Why did the author increase the feature number from 5 to 16 in the middle of encoding stage. This question is described in more detail below after the picture of LSTM autoencoder structure.
My questions are based on the article LSTM Autoencoder for Extreme Rare Event Classification in Keras. You can take a look at the codes from this github repository. Please refer to these resources to get to know my questions better.
Details of the Question
- My Autoencoder model is as follows:
lstm_autoencoder = Sequential() # Encoder lstm_autoencoder.add(LSTM(timesteps, activation='relu', input_shape=(timesteps, n_features), return_sequences=True)) lstm_autoencoder.add(LSTM(16, activation='relu', return_sequences=True)) lstm_autoencoder.add(LSTM(1, activation='relu')) lstm_autoencoder.add(RepeatVector(timesteps)) # Decoder lstm_autoencoder.add(LSTM(timesteps, activation='relu', return_sequences=True)) lstm_autoencoder.add(LSTM(16, activation='relu', return_sequences=True)) lstm_autoencoder.add(TimeDistributed(Dense(n_features))) lstm_autoencoder.summary()

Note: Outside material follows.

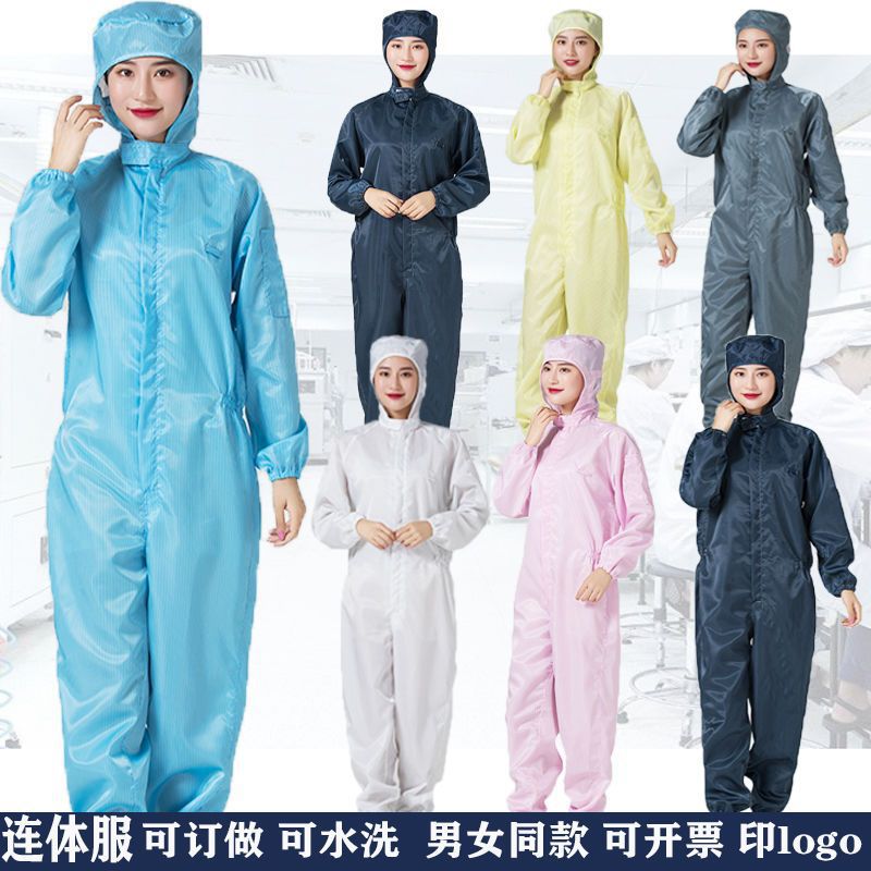 无尘服连体防静电护全身电子厂蓝白车间女食品厂口袋喷漆洁净服男

The shape of the input data is
X_train_y0_scaled.shape = (11692,5,59). It means that we have 11692 batches. Each batch is comprised of 5 rows and 59 columns, and since the data is time series data, it means that 59 features are gathered for each of 5 days.
The summary of the autoencoder model is as follows:
- Side question : I cannot understand why the author of this codes increased the feature number from 5 (in the layer 'lstm_16') to 16 (in the layer 'lstm_17').

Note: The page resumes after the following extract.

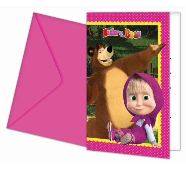 Pozvánky Máša a medveď – 6 ks Papierové pozvánky na oslavu s motívom Máša a medveď využijú dievčatá, aby pozvali svojich priateľov a spolužiakov na narodeninovú oslavu v tomto duchu. Pozvánky na večierok sú zabalené v sáčku, ktorý obsahuje 6 kusov.

- The original number of feature is 59, so in the first layer the feature number got reduced from 59 to 5. But after this dimension reduction, why would someone want to increase the dimension in the encoding stage?!

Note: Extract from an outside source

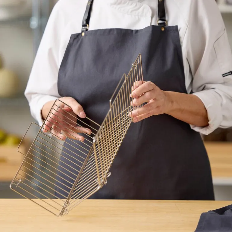 Etter bruk kan risten enkelt foldes sammen, slik at den tar minimalt med plass i skap eller skuffer – ideelt for små kjøkken. Produktet tåler oppvaskmaskin og bør vaskes før første gangs bruk. Et funksjonelt og plassbesparende valg for bakere på alle nivåer.
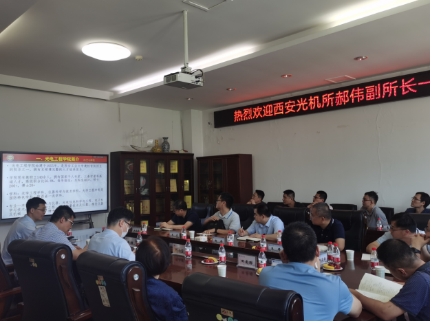 西安光机所空天技术处处长王锋,空间光学技术研究室主任王虎、空间微光探测技术研究室主任白永林、光学定向与瞄准技术研究室主任肖茂森、光电跟踪室副主任韩俊锋、空间室副主任王渊博、条纹相机工程中心副主任王兴、空天技术处主管杨伟华及研究骨干、太阳成集团tyc122ccvip科学技术研究院、太阳成集团tyc122ccvip等部门负责人以及部分教师代表参加会谈。

It is easy to see how smaller the shape of the input data gets reduced in a latent vector, if it is a fully-connected autoencoder. For example, in the picture below 10-node long input data gets reduced to 3-node long latent vector.
However in the LSTM autoencoder, it is not clear to me how long the 59 feature-long vector got reduced to.
The layer lstm_18is only 1-node long while the
repeat vectoris (5,1) long. Does that mean that 59-feature long vector got reduced to 1-node long vector?